In terms of the overall efficacy of TZV in our study, the percentage of patients with clinical improvement in the TZV group was nearly twice as high as that in the placebo group, and the median time to clinical improvement was five days shorter with TZV than with a placebo. The rates of stable defervescence maintained for 24 and 72 h were both higher in the TZV group than in the placebo group. In fact, by the end of the follow-up period, the body temperature, respiratory rate, oxygen saturation, and cough recovered to normal in all participants, with the exception of the slow absorption of pulmonary infection as shown by chest CT. Furthermore, the beneficial effects of TZV were associated with a higher recovery rate of abnormal neutrophil percentage, lymphocyte count, and lymphocyte percentage in routine blood tests, and a higher serum level of CRP (Table S2). These results were consistent with reduced concurrent usage of antibacterial drugs, hydroxychloroquine, antifungal drugs, glucocorticoids, and non-steroid anti-inflammatory drugs for fever control (Tables 3 and S3).

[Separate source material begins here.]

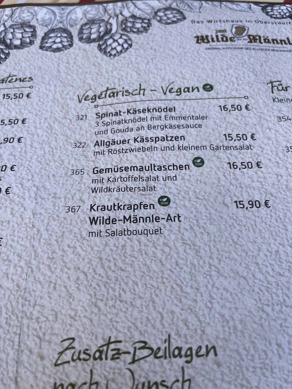 The vegan/vegetarian section in the menu has been narrowed down to 5-6 dishes of which only one is vegan: Spinat Maultaschen und Kartoffelsalat. The food was delicious though! I hope they will have more vegan options soon again!

The essential manifestation of clinical symptoms in COVID-19 patients comprises infection by SARS-CoV-2 and the development of pneumonia. As for the antiviral effect, the conversion rate of the negative virus test reached 92.3% in the TZV group, which was 10% higher than that in the placebo group. A higher absorption rate and a shorter absorption time in pulmonary CT in the TZV group indicated a reduction in the lower inflammatory lesions in the lung after treatment with antiviral agents. Moreover, less frequent usages of ordinary oxygen support and anti-tussive/anti-asthmatic/expectorant drugs to control symptoms occurred in the TZV group, demonstrating the beneficial effects of TZV on respiratory symptoms.

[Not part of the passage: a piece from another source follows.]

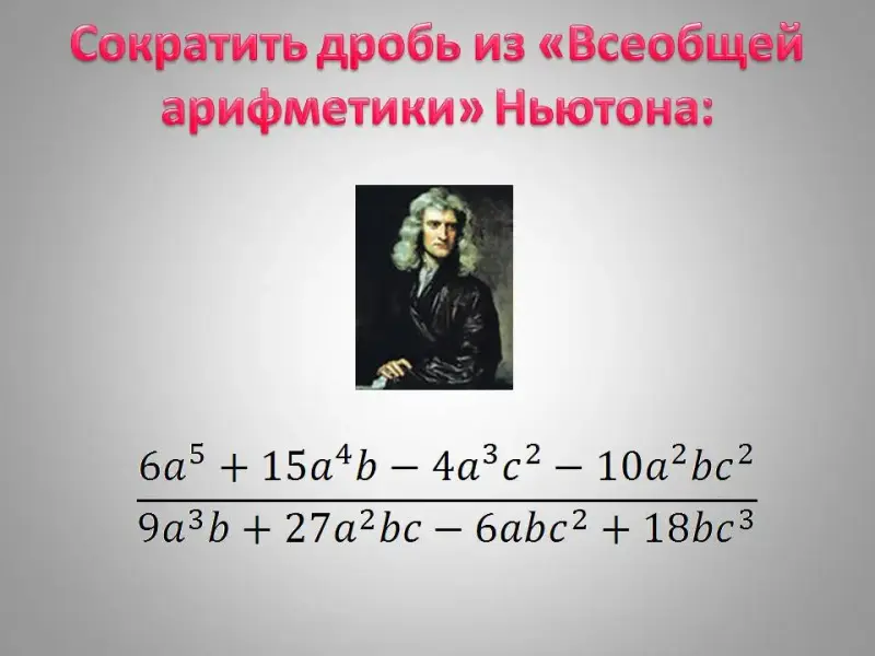 Сократить дробь из «Всеобщей арифметики» Ньютона:

TZV treatment yielded higher recovery rates of abnormal serum levels of bilirubin, indirect bilirubin, total protein, albumin, and uric acid, as well as less usage of electrolyte solution and diuretics, indicating less damage in hepatic and renal functions. A high level of plasma fibrinogen is an important risk factor in the hypercoagulable state. Elevated D-dimer in the early stage of COVID-19 is closely related to the inflammatory response, while a sharp rise in D-dimer accompanied by respiratory failure suggests the possible generation of a “cytokine storm.” In this study, the recovery rate of D-dimer after TZV treatment reached 20.0%, while the recovery rate was 0 in the placebo group. Furthermore, the beneficial effect of TZV was manifested by less usage of antiplatelet and anticoagulant drugs.

In this study, the recovery rate of lactate dehydrogenase (LDH) was nearly twice as high in the TZV group as in the placebo group. A previously case study showed that cardiac damage is an important complication associated with COVID-19, even in patients without symptoms or signs of pneumonia [13]. Furthermore, TZV treatment was associated with less frequent usage of blood volume expanders, antihypertensive drugs, and drugs for dilating blood vessels to improve microcirculation in the TZV group. Thus, TZV may benefit COVID-19 patients by reducing cardiac damage. In summary, TZV may be beneficial in pulmonary, cardiac, renal, hepatic, and coagulable functions in patients with COVID-19 due to its antiviral properties. Larger studies are needed to confirm or refute these observations.

5. Conclusions

In this pilot trial, TZV showed potential for treating COVID-19 due to its antiviral effects by generally reducing inflammatory reactions and thus reducing damage to vital organs and reducing the need for therapeutic support.

Acknowledgments

Acknowledgements

We are deeply grateful to the front-line clinicians who participated in the study while directly fighting the epidemic. This study was supported by the Chinese Academy of Engineering Projects for COVID-19 (2020-KYGG-01-04) and Heilongjiang Province Urgent Project-6 for COVID-19. Data and safety monitoring board members of this trial included Kang Li, Yong Zhang, Songjiang Liu, and Yaohui Shi.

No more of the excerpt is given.